PROBLEM REQUIREMENTS: Exactly as they appear, transcribe the entries and skip any pictures.

[[ DATASET CONTENT, beginning ]]

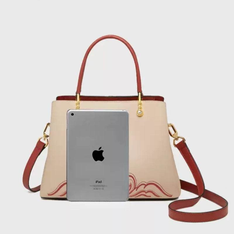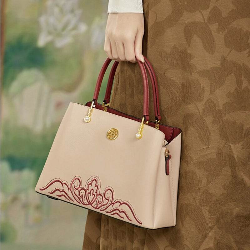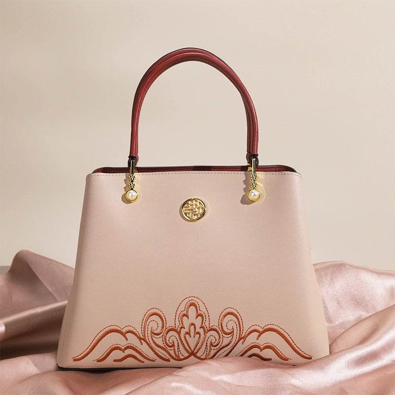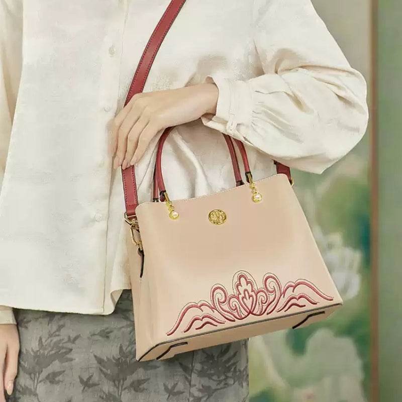 Embroidery Genuine Leather Elegant Crossbody Bag Veined Pattern
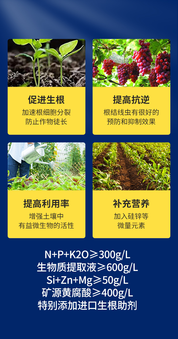 3,增強(qiáng)土壤中有益微生物的活性,提高肥料利用率,促根壯苗。
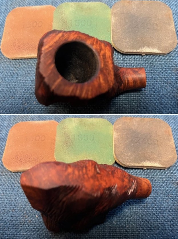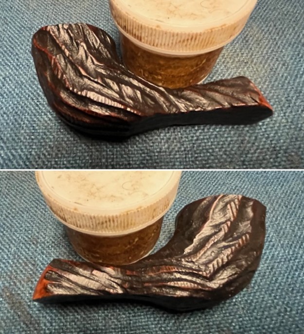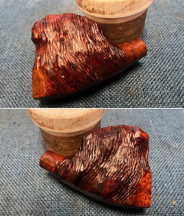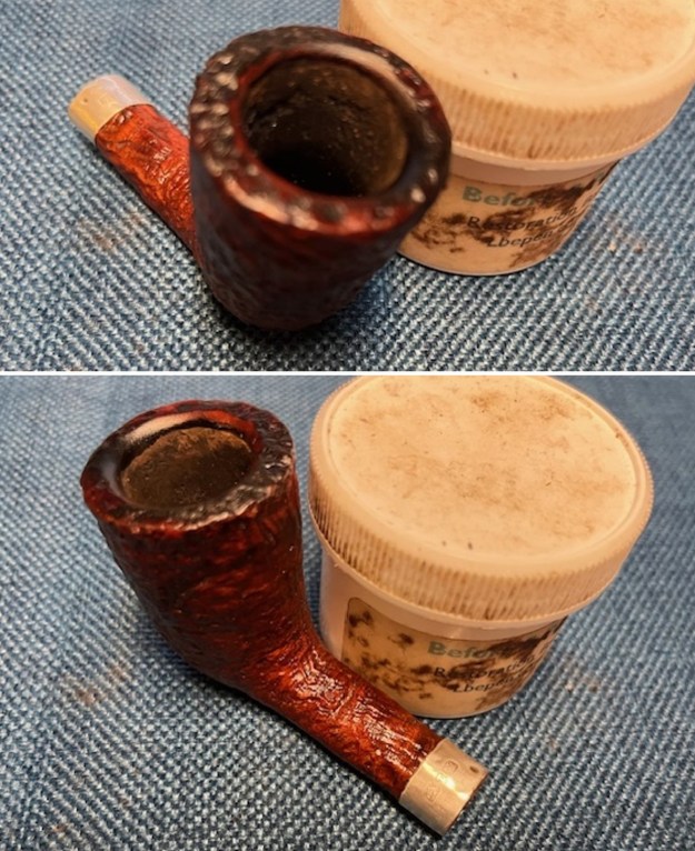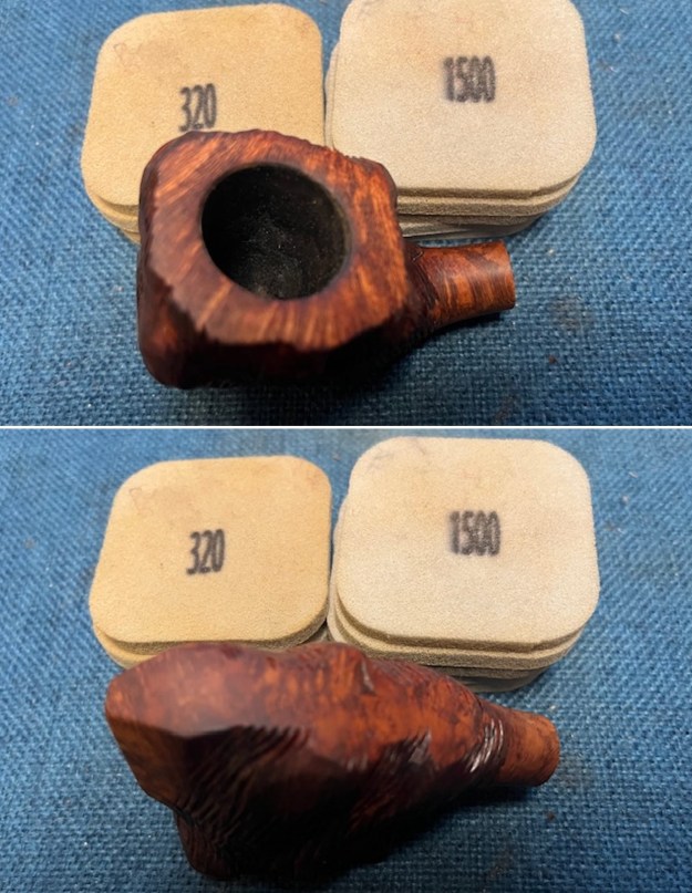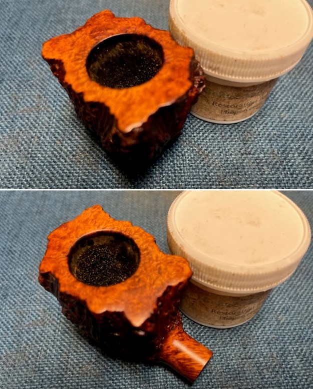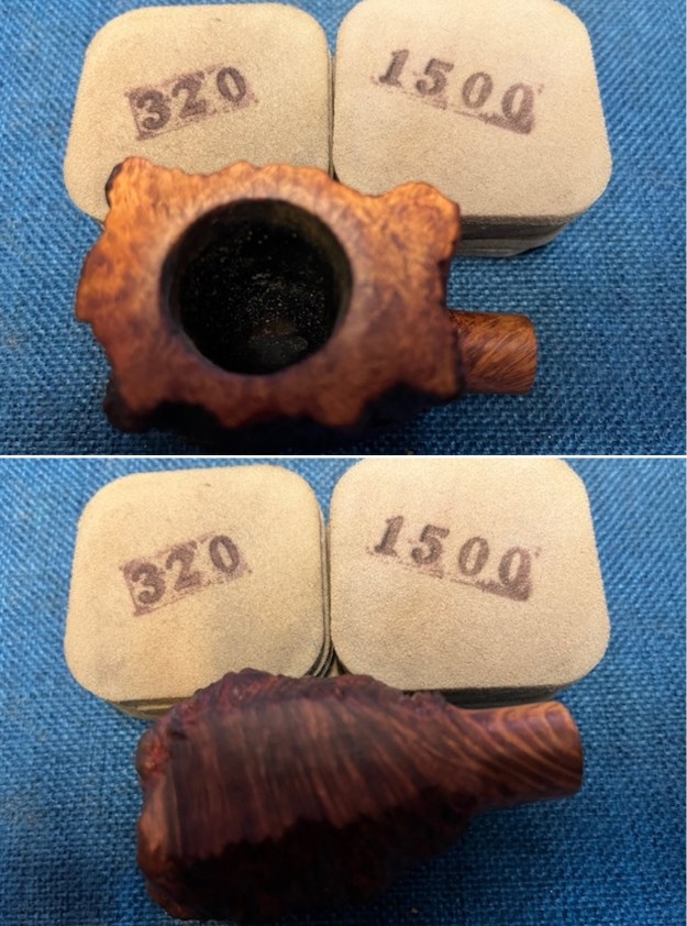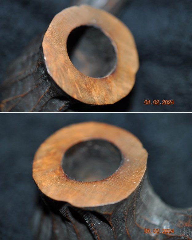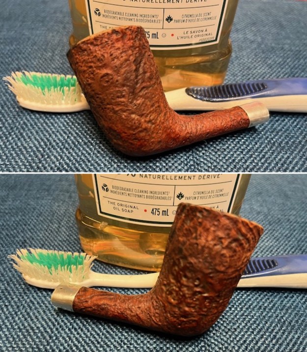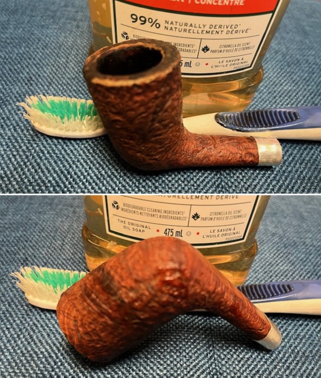 I scrubbed the bowl and shank with a tooth brush and some undiluted Murphy’s Oil Soap. I rinsed it off with warm water to remove the dust and soap from the finish. I dried it off with a soft cloth. The rim top was still darkened in the grooves of the sandblast.
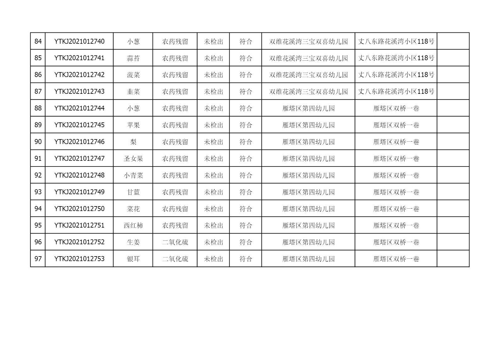 2021年5月27日雁塔区幼儿园及小饭桌快检效果公示
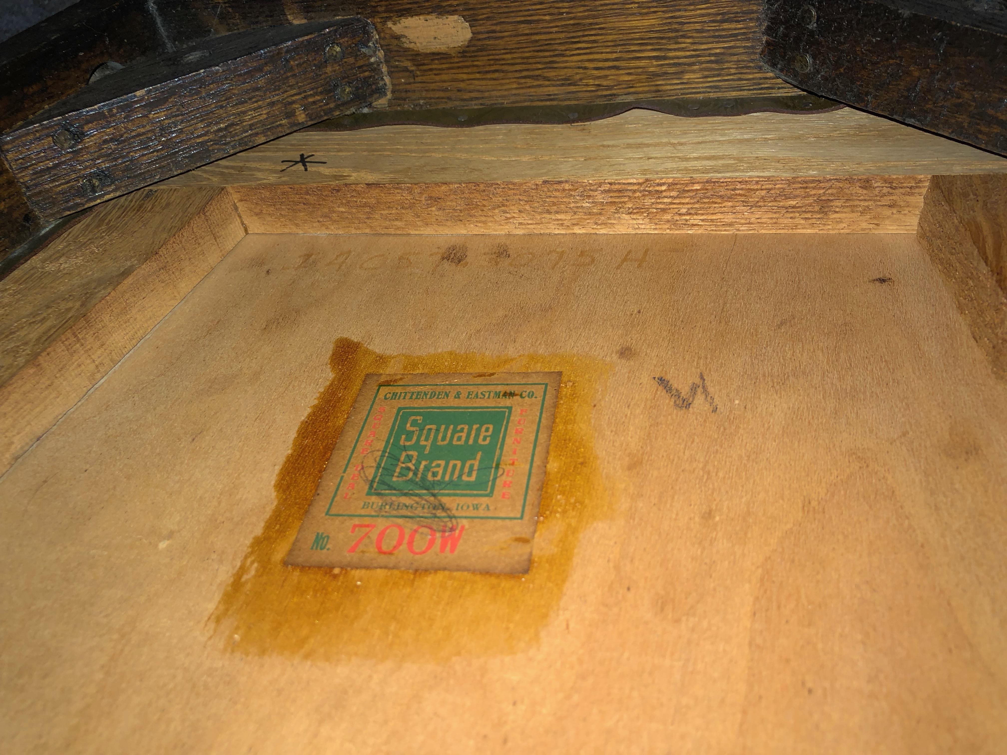 I have a dinning room set that includes an oak table, 6 chairs, a china cabinet, and a buffet/side table. They are all matching but I know nothing about them. They were in a relatives family for years and handed down to them. They had it for 50? years. There is a lable on the bottom of one of the chairs that says, "Chittenden & Eastman Co' and "Square Brand". I'm checking to see if anyone know s anything about this and the value it might have. It is in excellent condition.
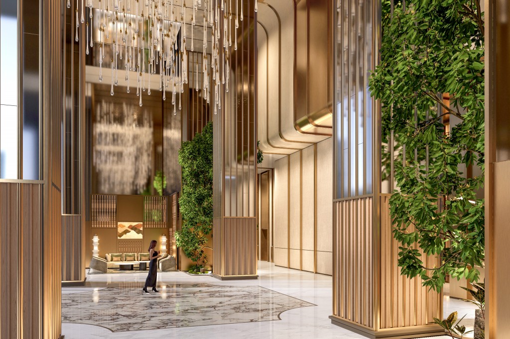 “Riêng sảnh các tòa căn hộ cao đến 14m, tương đương chiều cao 4 tầng căn hộ, tạo cảm giác sang trọng. Thiết kế sảnh lấy cảm hứng từ các làng nghề di sản cạnh sông Hồng. Nhìn từ xa, các đường nét chạy từ trần xuống sàn tựa như mặt nước phản chiếu nhịp sống đô thị. Tất cả tạo nên tổng thể tiếp nối từ dòng sông di sản đến dòng chảy nhộn nhịp của một Hà Nội đang vươn mình phát triển”, đại diện Sun Property hé lộ.
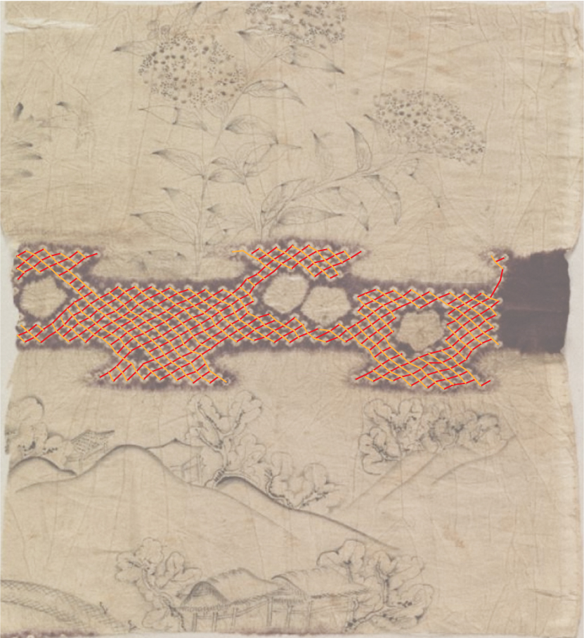 Even if some of the design elements on this scrap appear fairly randomly placed, a piece like this requires some fairly rigorous layout ahead of time in order to create a beautiful and cohesive final product. For a garment like the one that our scrap comes from, fabric might be cut up and loosely baste stitched together. Sizing, a substance used to stiffen the fabric, might also be applied to make the fabric easier to mark. Designs would be drawn onto the fabric with a brush and aobana (青花) ink. Aobana ink is a fugitive ink, meaning that it can be easily washed out from the fabric, made from flower petals. Artisans might either freehand some designs, or use a stencil to quickly mark out patterns. In this case, we would expect that the bar borders and the flowers would be marked ahead of time, while the squares are done freehand, and the ink drawings come in a later process. After the designs have been laid out, the garment is taken apart so that the individual pieces can be decorated.

[[ DATASET CONTENT, end ]]

EXERCISE RESULT:
 Embroidery Genuine Leather Elegant Crossbody Bag Veined Pattern
 3,增強(qiáng)土壤中有益微生物的活性,提高肥料利用率,促根壯苗。
 I scrubbed the bowl and shank with a tooth brush and some undiluted Murphy’s Oil Soap. I rinsed it off with warm water to remove the dust and soap from the finish. I dried it off with a soft cloth. The rim top was still darkened in the grooves of the sandblast.
 2021年5月27日雁塔区幼儿园及小饭桌快检效果公示
 I have a dinning room set that includes an oak table, 6 chairs, a china cabinet, and a buffet/side table. They are all matching but I know nothing about them. They were in a relatives family for years and handed down to them. They had it for 50? years. There is a lable on the bottom of one of the chairs that says, "Chittenden & Eastman Co' and "Square Brand". I'm checking to see if anyone know s anything about this and the value it might have. It is in excellent condition.
 “Riêng sảnh các tòa căn hộ cao đến 14m, tương đương chiều cao 4 tầng căn hộ, tạo cảm giác sang trọng. Thiết kế sảnh lấy cảm hứng từ các làng nghề di sản cạnh sông Hồng. Nhìn từ xa, các đường nét chạy từ trần xuống sàn tựa như mặt nước phản chiếu nhịp sống đô thị. Tất cả tạo nên tổng thể tiếp nối từ dòng sông di sản đến dòng chảy nhộn nhịp của một Hà Nội đang vươn mình phát triển”, đại diện Sun Property hé lộ.
 Even if some of the design elements on this scrap appear fairly randomly placed, a piece like this requires some fairly rigorous layout ahead of time in order to create a beautiful and cohesive final product. For a garment like the one that our scrap comes from, fabric might be cut up and loosely baste stitched together. Sizing, a substance used to stiffen the fabric, might also be applied to make the fabric easier to mark. Designs would be drawn onto the fabric with a brush and aobana (青花) ink. Aobana ink is a fugitive ink, meaning that it can be easily washed out from the fabric, made from flower petals. Artisans might either freehand some designs, or use a stencil to quickly mark out patterns. In this case, we would expect that the bar borders and the flowers would be marked ahead of time, while the squares are done freehand, and the ink drawings come in a later process. After the designs have been laid out, the garment is taken apart so that the individual pieces can be decorated.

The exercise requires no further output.